I love Wimbledon, not for the tennis, not for the spectacle and not for the strawberries and cream. I love Wimbledon for the fact that, once a year, the world’s best players lob into London and prove that you don’t have to spit to play sport.

Your mother was a hamster and your father smells of elderberries

Spitting has become synonymous with some sports. Modern soccer players dribble as much with their mouths as with their feet. It’s foul but not a foul.

AFL, Union, League and even cricket have become mouth-watering for all the wrong reasons. If you’re watching these sports then you’re watching players spit. And if you’re doing so on Foxtel then you’re paying to watch players spit.

With the advent of HD TV and, heaven forbid, 3D technology, never has spitting been broadcast in such graphic and glutinous detail. It’s the one time the words “like being there” and “front row seat” are undesirable. When I sat down this morning to watch England take on Italy in a Euro 2012 quarter-final, I considered putting down spot cloths.

It seems physically impossible for a player to shoot for goal, await a throw in, be substituted or take a corner kick unless he’s first launched a liquid projectile. It seems as vital to the sport as the ball and goalposts. FIFA should put spittoons by the corner flags.

In some sports spitting serves a purpose. Ricky Ponting, for example, when fielding at slip, spits into his hands to aid grip should a catch come his way. And, let’s face it, those catches often stick. But then the former Australian skipper shakes the hand of his opponent after a match. No wonder batsmen wear gloves.

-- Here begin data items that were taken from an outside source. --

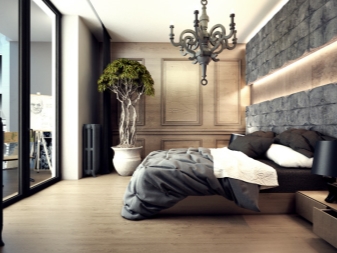 يعد استخدام مصابيح أرضية من نفس التصميم واللون ، ولكن بأشكال مختلفة ، مزيجًا مفيدًا للجميع. إن اختيار مثل هذا الخيار في تصميم غرفة النوم يبرر نفسه تمامًا ، مما يسمح في نفس الوقت بإنشاء إضاءة كافية والتأكيد على الثلاثية على الحائط.
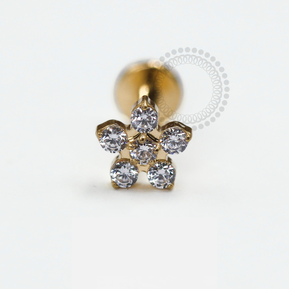 PVD118 Labret Flor Cravejada Aço PVD Gold
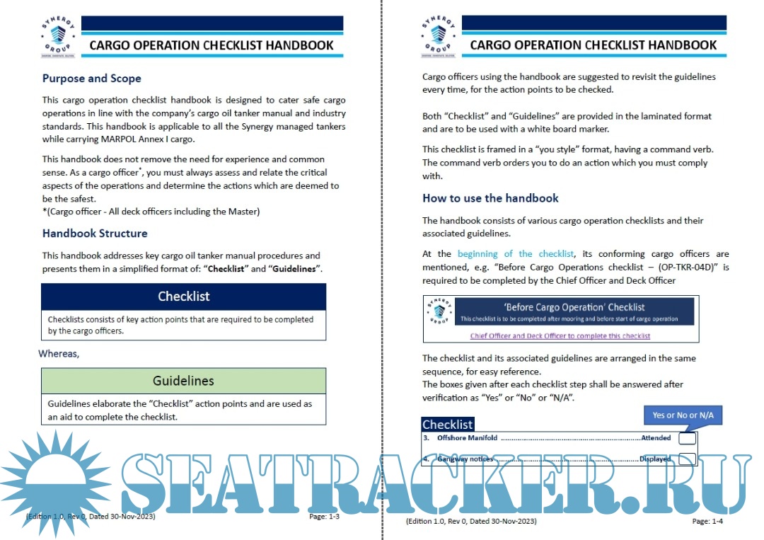 Year: 2023 Language: english Author: Synergy Marine Pte. Ltd. Genre: Handbook Edition: Edition 1.0, Rev 0, Dated 30-Nov-2023 Format: PDF Quality: eBook Pages count: 20 Description: This cargo operation checklist handbook is designed to cater safe cargo operations in line with tne company's cargo oil tanker manual alild industry stalildards. This handbook is applicable to all the Synergy managed tanlkers while carrying MARPOIL Annex I cargo. Tnis handbook does not remove the need for experience and common sense. As a cargo officer you must always assess alild relate tliie critical aspects of the operations and determine the actions whfch are deemed to be the safest.
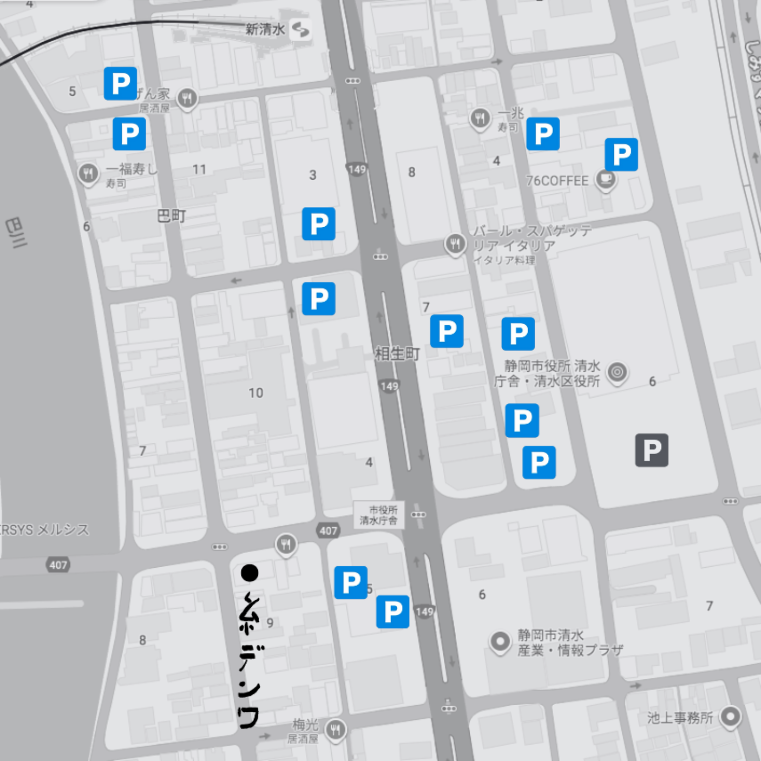 電車でお越しの方は、新清水駅から徒歩5分ほどで当店に到着です。
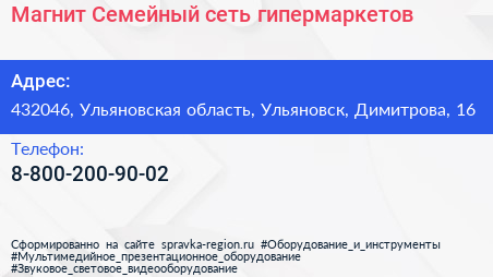 Магнит Семейный, сеть гипермаркетов по адресу 432046, Ульяновская область, Ульяновск, Димитрова, 16 в дальнейшем Организация, размещена в следующих категориях:
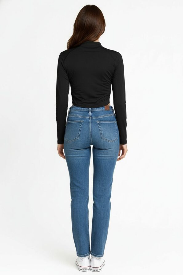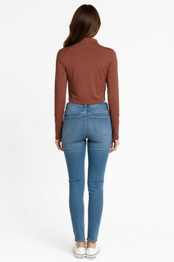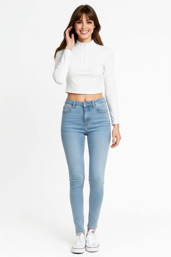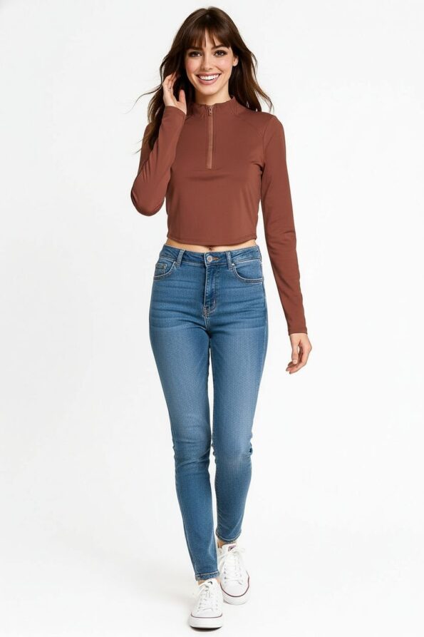 Sudadera con cuello alto y medio cierre que facilita el ajuste, confeccionada en tejido suave de punto elástico que brinda confort, diseño de manga larga con costuras ergonómicas que favorecen el movimiento, corte corto que aporta un toque moderno, terminaciones limpias que aseguran un acabado pulido y contemporáneo
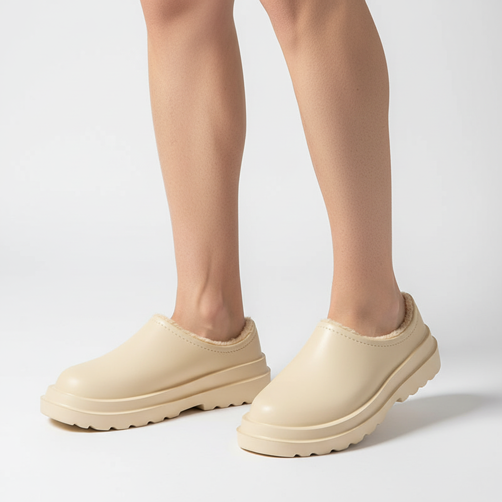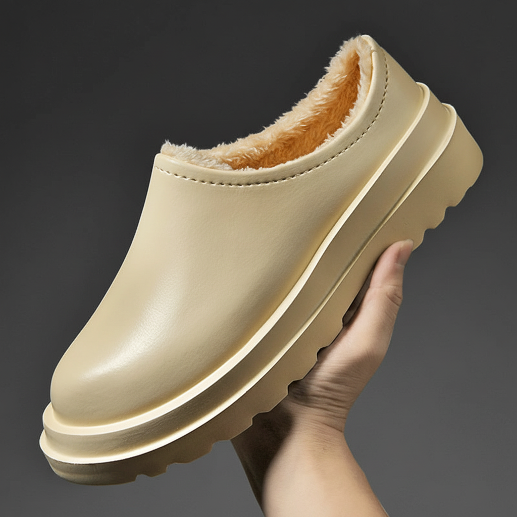 Cold and wet days often impede small everyday walks. These slippers offer a soft, plush inner lining and a waterproof outer layer as a solution. This way, your feet stay pleasantly warm whether at home or in the garden. The textured sole ensures each step is secure and grippy on smooth surfaces.
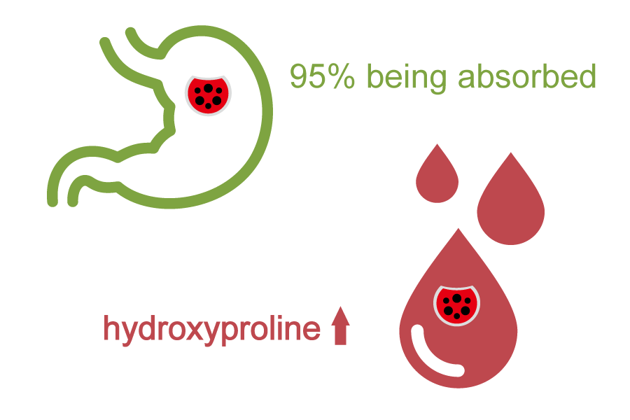 Collagen molecules from food are too large for intestine absorption directly. Deubote Hyper Bone Supreme Drink uses patented technology, Micro-biological hydrolysis collagen process, to extract collagen molecules which are 95 times finer than normal food collagen molecules and clinically proven 95% of the molecules are absorbed within 12 hours by intestine after intake.
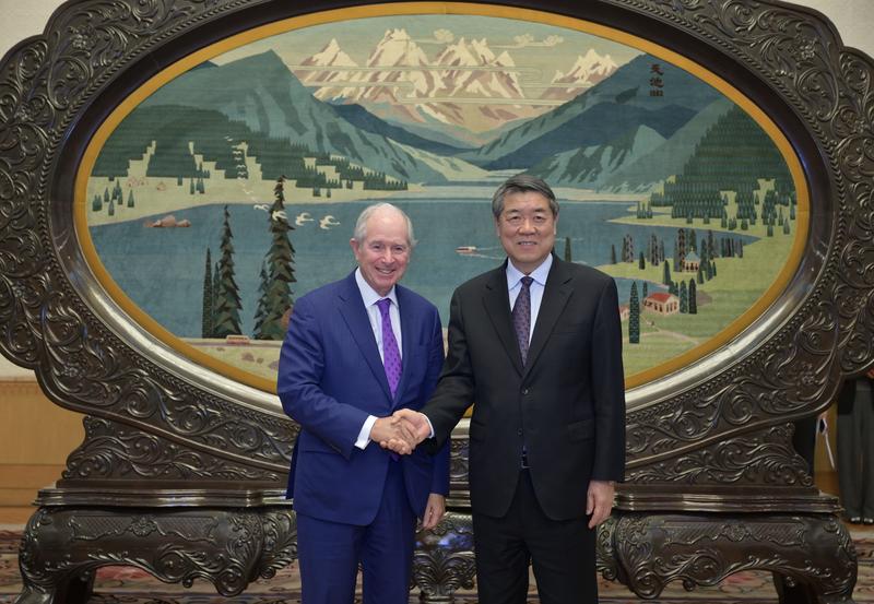 Çin Başbakan Yardımcısı He Lifeng (sağda), Çin'in başkenti Beijing'deki Büyük Halk Salonu'nda Blackstone Grubu Yönetim Kurulu Başkanı ve CEO'su Stephen Schwarzman ile bir araya geldi, 23 Nisan 2026. (Fotoğraf: Cai Yang/Xinhua)
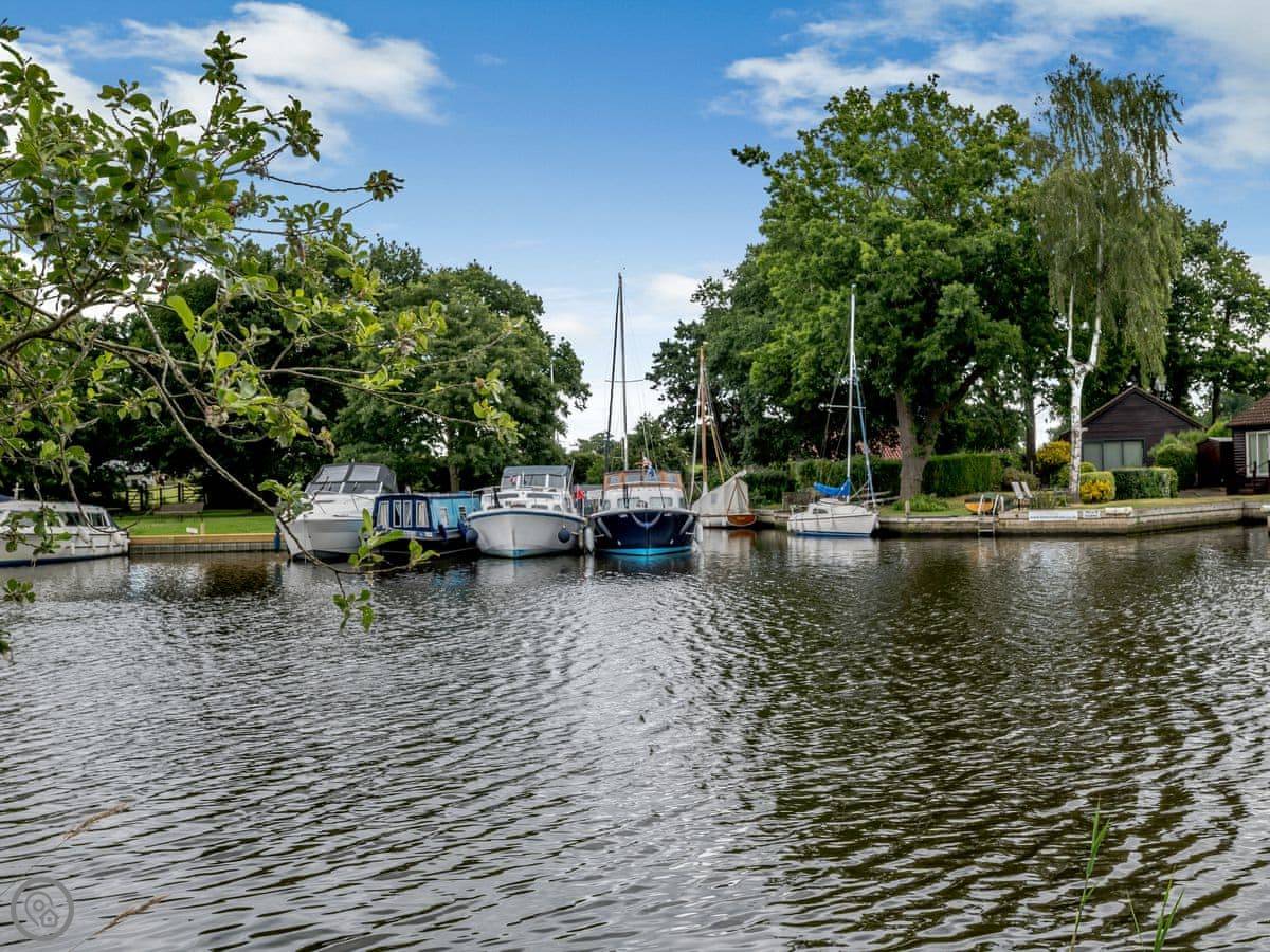 Ludham village has a shop, a post office, a pub, and a butcher. It's a good base. You can hire boats locally at places like Potter Heigham or Horning, which are a short drive away.

Bowlers are equally uncouth, spitting on the ball to shine it and then rubbing it against their groin. If they weren’t playing our national sport they’d probably be arrested for public indecency.

In other instances, spitting expresses a player’s frustration. When a batsman is dismissed, during the long walk back to the pavilion he often spits either saliva or his chewing gum through the bars of his helmet and then belts it away with his bat. This is often a superior shot to the one that got him out.

On rare occasions, spitting is the sport itself. There is a Guinness World Record for cherry pit spitting, and if you’re allergic to cherries then perhaps cricket spitting is more your thing. When I say “cricket” I am not referring to the cucumber sandwich pastime but the six-legged insect, which you chew and then spew. Apparently there are also world championships in Kudu dung spitting. I have no idea what Kudu dung is but would hazard a guess I’d rather eat crickets.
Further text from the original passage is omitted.